The input
***
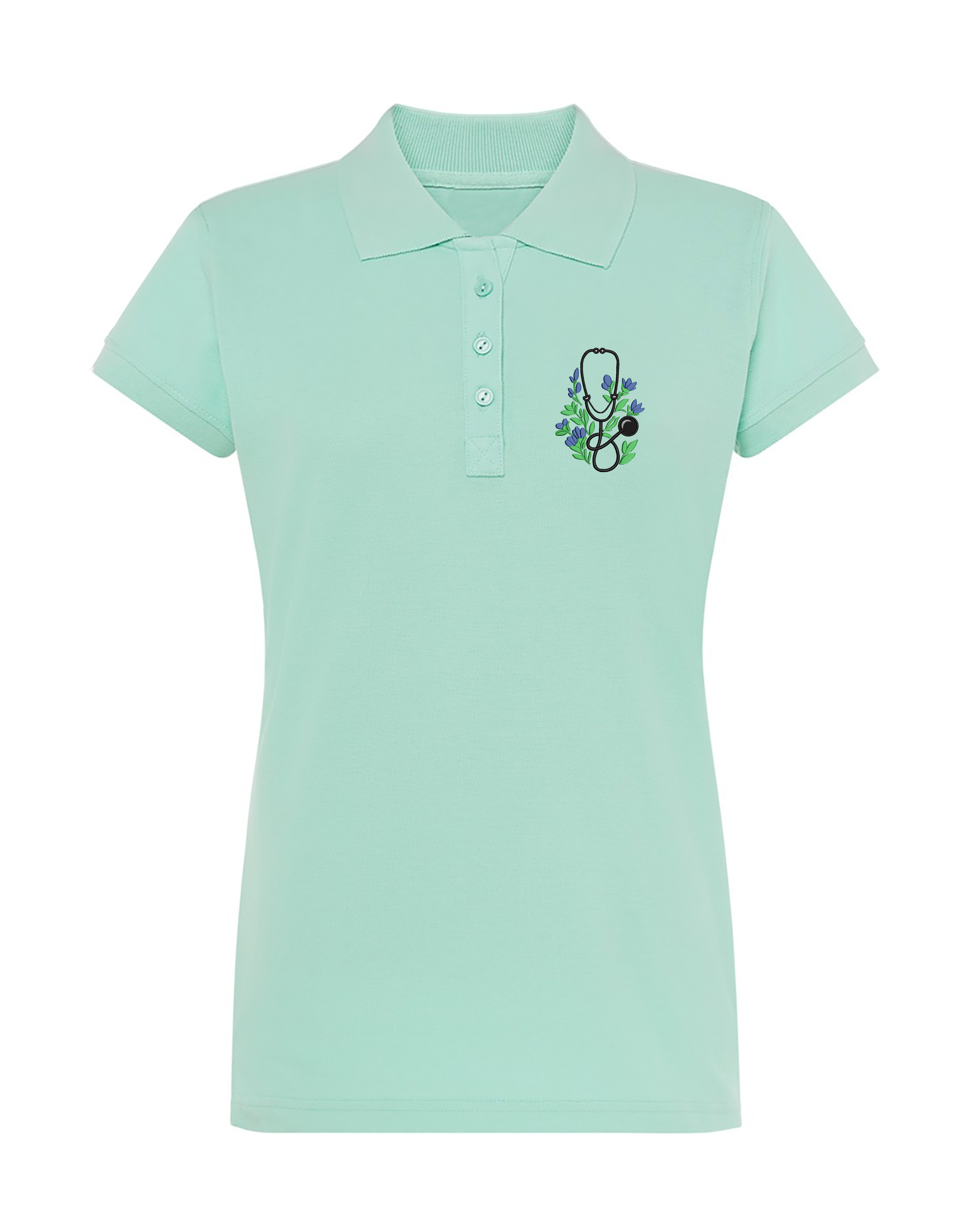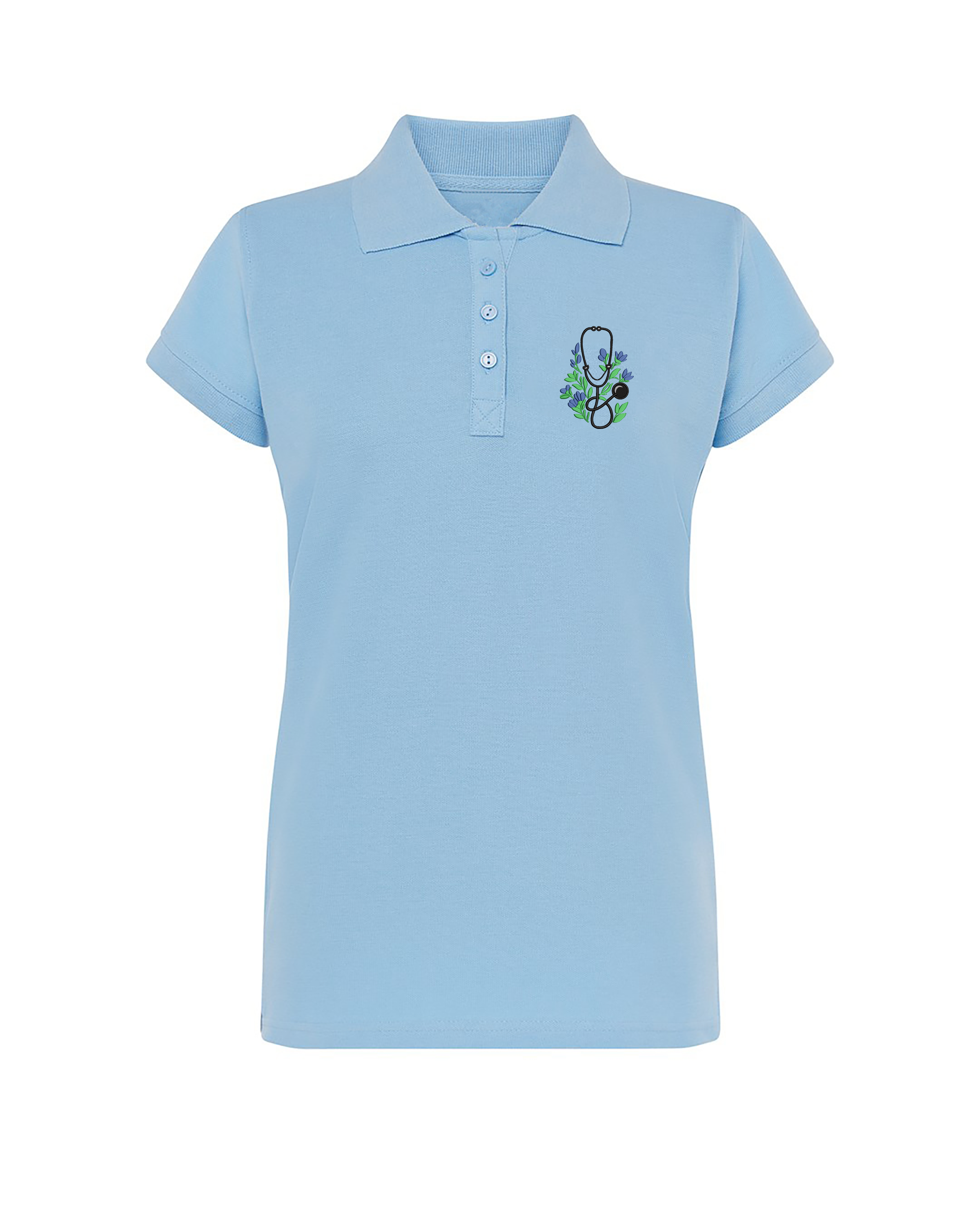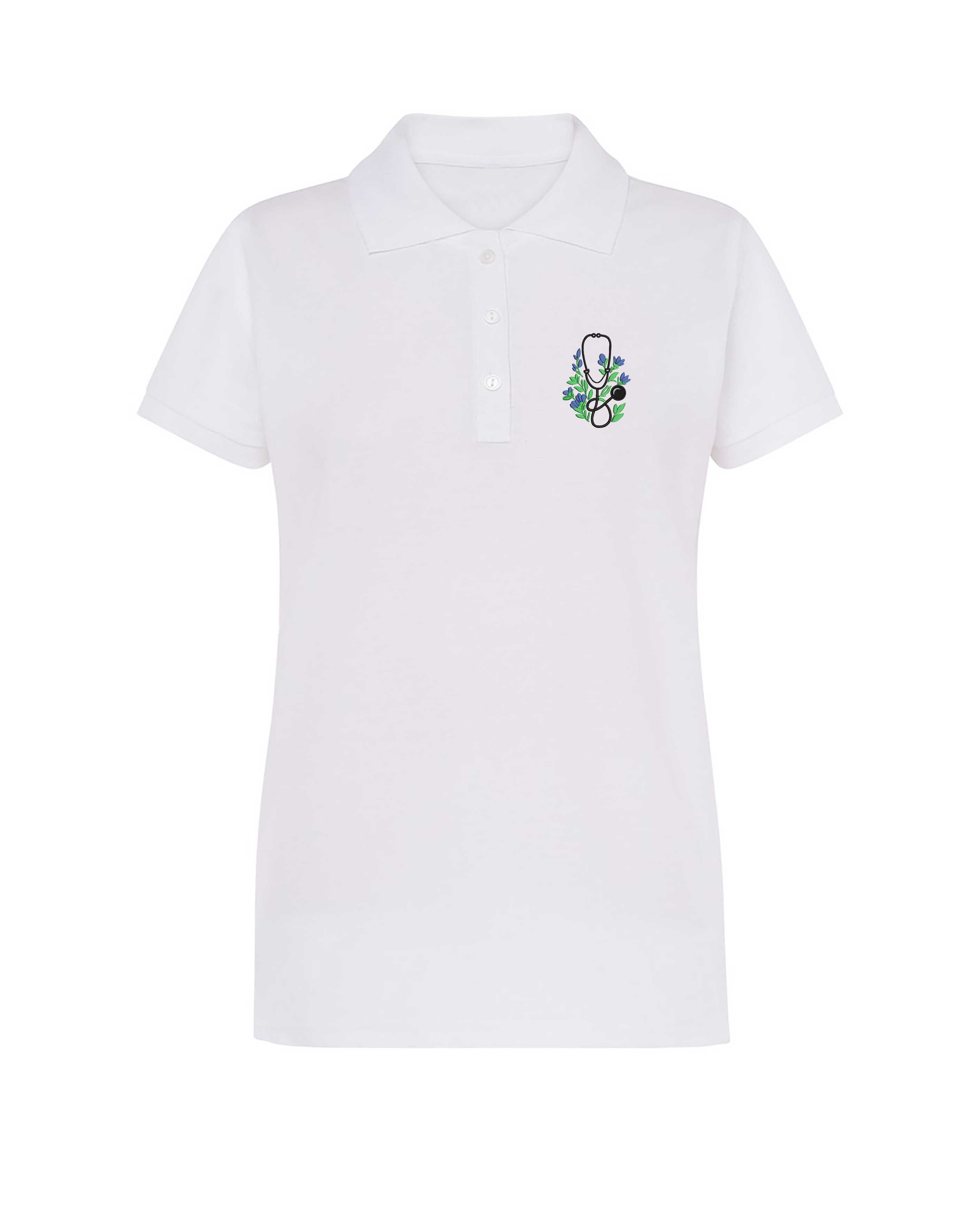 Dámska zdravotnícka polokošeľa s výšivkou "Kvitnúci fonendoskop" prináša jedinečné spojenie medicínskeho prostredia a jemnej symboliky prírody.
***
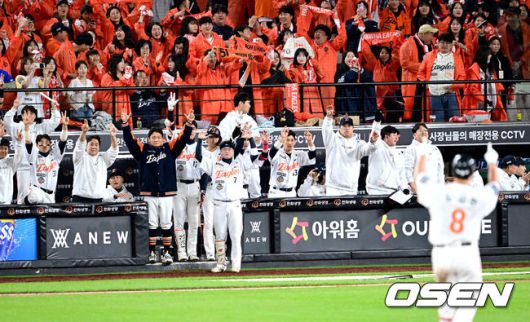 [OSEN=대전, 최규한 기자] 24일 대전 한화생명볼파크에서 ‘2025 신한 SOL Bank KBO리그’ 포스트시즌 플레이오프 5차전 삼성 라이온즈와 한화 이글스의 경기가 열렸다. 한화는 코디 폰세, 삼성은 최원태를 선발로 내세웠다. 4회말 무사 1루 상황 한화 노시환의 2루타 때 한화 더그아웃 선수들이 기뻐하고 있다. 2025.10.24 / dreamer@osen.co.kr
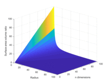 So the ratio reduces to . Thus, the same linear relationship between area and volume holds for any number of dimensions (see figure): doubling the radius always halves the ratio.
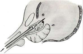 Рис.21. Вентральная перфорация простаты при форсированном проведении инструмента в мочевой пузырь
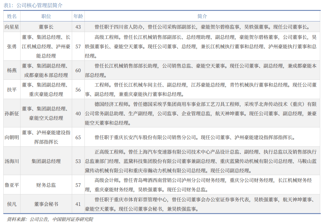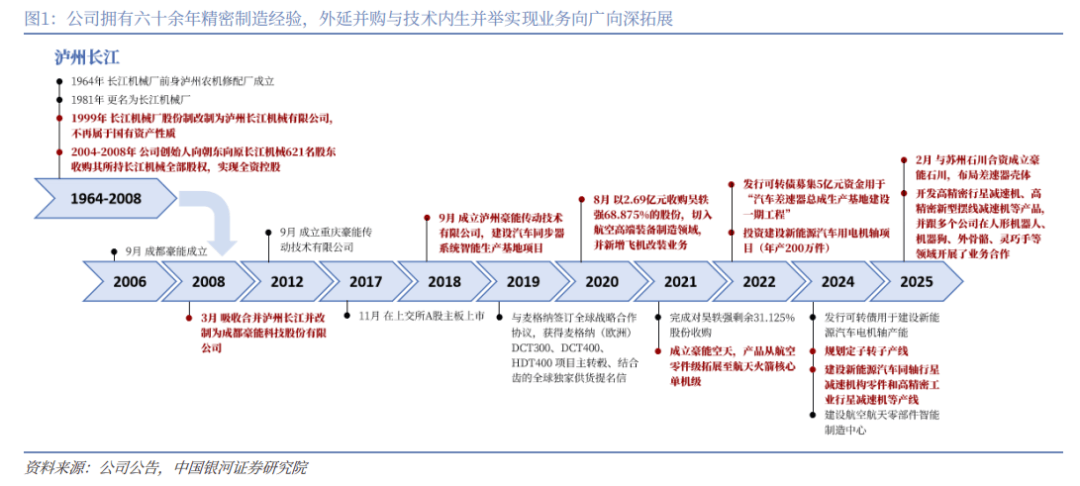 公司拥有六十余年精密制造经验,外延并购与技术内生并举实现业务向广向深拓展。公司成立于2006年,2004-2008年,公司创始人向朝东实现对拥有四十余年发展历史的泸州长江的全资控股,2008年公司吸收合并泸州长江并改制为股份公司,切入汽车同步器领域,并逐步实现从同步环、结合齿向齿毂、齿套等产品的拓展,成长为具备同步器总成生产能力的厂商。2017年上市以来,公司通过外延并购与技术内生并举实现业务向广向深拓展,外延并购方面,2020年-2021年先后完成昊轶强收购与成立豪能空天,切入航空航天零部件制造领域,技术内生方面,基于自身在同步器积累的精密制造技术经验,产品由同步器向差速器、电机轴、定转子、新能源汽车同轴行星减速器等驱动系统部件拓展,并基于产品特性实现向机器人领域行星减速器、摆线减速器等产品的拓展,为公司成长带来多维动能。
***
The task
Beginning with the line above that has "[OSEN=대전, 최규한 기자]" and going on through the line that has "So the ratio", retype every line exactly and add nothing else; drop the pictures.

Written solution
 [OSEN=대전, 최규한 기자] 24일 대전 한화생명볼파크에서 ‘2025 신한 SOL Bank KBO리그’ 포스트시즌 플레이오프 5차전 삼성 라이온즈와 한화 이글스의 경기가 열렸다. 한화는 코디 폰세, 삼성은 최원태를 선발로 내세웠다. 4회말 무사 1루 상황 한화 노시환의 2루타 때 한화 더그아웃 선수들이 기뻐하고 있다. 2025.10.24 / dreamer@osen.co.kr
 So the ratio reduces to . Thus, the same linear relationship between area and volume holds for any number of dimensions (see figure): doubling the radius always halves the ratio.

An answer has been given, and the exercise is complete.